What is the Hallucination Paradox?
Reasoning models (e.g., OpenAI o1, o3) hallucinate at HIGHER rates on simple factual benchmarks despite improved logical reasoning. Mechanism: more internal claims in the reasoning chain create more opportunities for error propagation. o3 had a 0.51 hallucination rate vs. 0.44 for o1 on SimpleQA.
What are Reasoning Models (e.g., o1, o3)?
LLMs that generate explicit chains of thought (“System 2 thinking”) before producing a final answer. They improve performance on logic and coding but exhibit the Hallucination Paradox on factual benchmarks.
When should you use a standard LLM with RAG instead of a Reasoning Model?
For applications requiring strict factual accuracy (e.g., benefits eligibility, regulatory citations). Reasoning models should be reserved for complex analysis where the logic can be verified (e.g., code vulnerability analysis, legal reasoning over provided statutes).
What is a Small Language Model (SLM)?
An LLM with fewer than ~7 billion parameters (e.g., Phi-3). Advantages: runs on edge devices without cloud connectivity, dramatically cheaper inference, data never leaves the device (privacy), and lower latency for simple tasks.
What are the key advantages of SLMs for federal use?
(1) Edge capability — run on laptops or tactical devices without cloud; (2) Cost — orders of magnitude cheaper; (3) Privacy — data never leaves the device; (4) Speed — lower latency for simple tasks; (5) Bypasses data center energy bottleneck.
What is the formula for the Compound Mistake Problem?
Accuracy_total = (Accuracy_step)^n, where n is the number of steps.
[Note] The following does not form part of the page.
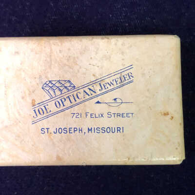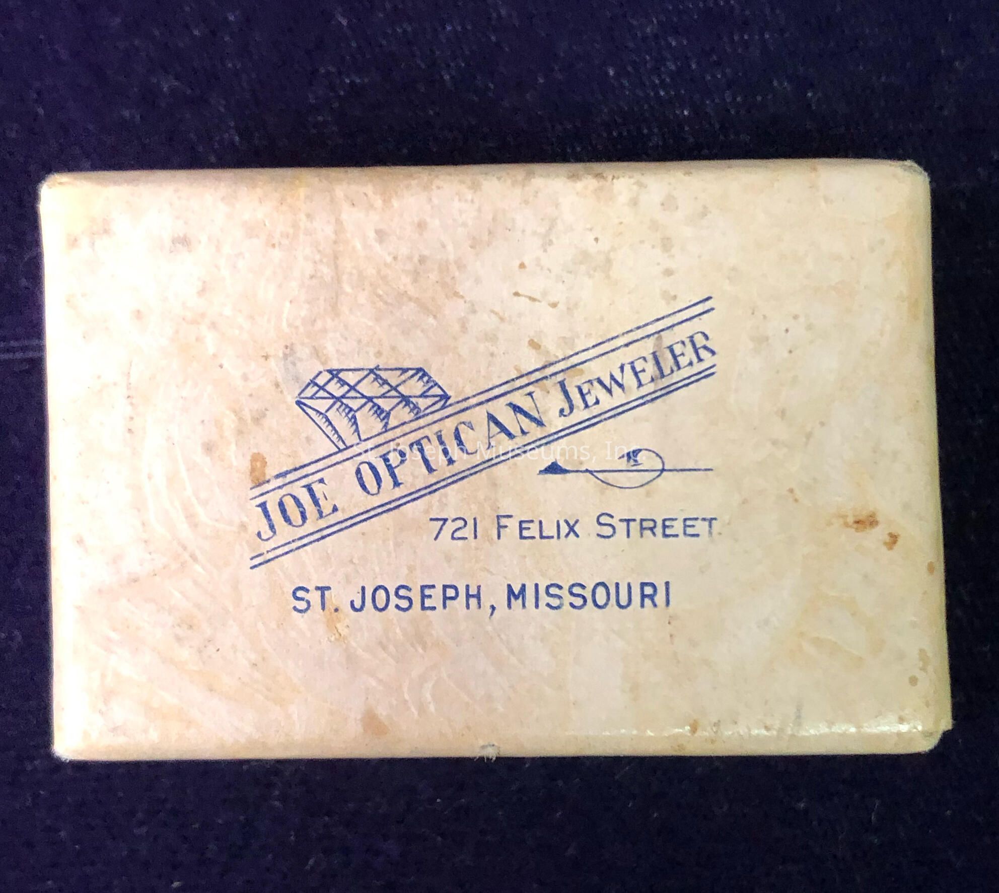 Joe Optican Jeweler's box. White jewelry box with blue lettering. Reads, "JOE OPTICAN JEWELER 721 FELIX STREET ST. JOSEPH, MISSOURI" 1.5"hx2"w

A 95% per-step accuracy over 10 steps yields only ~60% total accuracy (0.95^10 ≈ 0.598).
What is RAG in one sentence?
Retrieve relevant documents from an external knowledge base, inject them into the model’s context window, and generate answers grounded in those documents to reduce hallucination.
What is the Data Flywheel in one sentence?
A virtuous cycle where user interactions generate data that improves the AI system, which produces better interactions that generate more valuable data.
What is LoRA in one sentence?
A parameter-efficient fine-tuning method that adds small trainable low-rank matrices (~100MB) to frozen model layers, avoiding full retraining of billions of parameters.
What is AI-as-a-Judge in one sentence?
Using a strong LLM to automatically evaluate the outputs of another LLM for quality, faithfulness, or safety at scale.
What is the Model Router in one sentence?
An abstraction layer that routes AI requests to different models based on complexity, cost, or capability — enabling vendor-agnostic, cost-optimized architectures.
What is the Instruction Hierarchy in one sentence?
A prompt design pattern where system-level instructions take precedence over user-level inputs, enforcing behavioral compliance regardless of user attempts to override.
What is Span-Level Verification in one sentence?
Requiring the model to cite the exact sentence in a source document that supports its answer, enforcing auditability and truthfulness.
What is Hybrid Search in one sentence?
Combining dense vector search (semantic meaning) with sparse keyword search (BM25 for exact terms) to maximize retrieval recall in RAG pipelines.
What is Reranking in one sentence?
A second-stage retrieval step where a cross-encoder model re-scores initial search results to maximize precision before context is passed to the LLM.
What does Faithfulness measure in one sentence?
Whether a generated answer is derived ONLY from the retrieved context, with no hallucinated information introduced by the model.
What is the Planner-Evaluator-Executor pattern in one sentence?
A decoupled agent architecture where a Planner proposes actions, an Evaluator checks them for safety and compliance, and an Executor carries out only approved actions.
What is Evaluation-Driven Development in one sentence?
The discipline of defining success metrics and building the evaluation pipeline BEFORE building the AI system, so every design decision is tested against measurable criteria.
What are the three memory types in Huyen’s hierarchy?
Parametric (model weights), Episodic (context window), and Semantic (vector database / external storage).
What is PEFT in one sentence?
Parameter-Efficient Fine-Tuning methods (like LoRA) that adapt only a small subset of model parameters, dramatically reducing compute cost while preserving most fine-tuning benefits.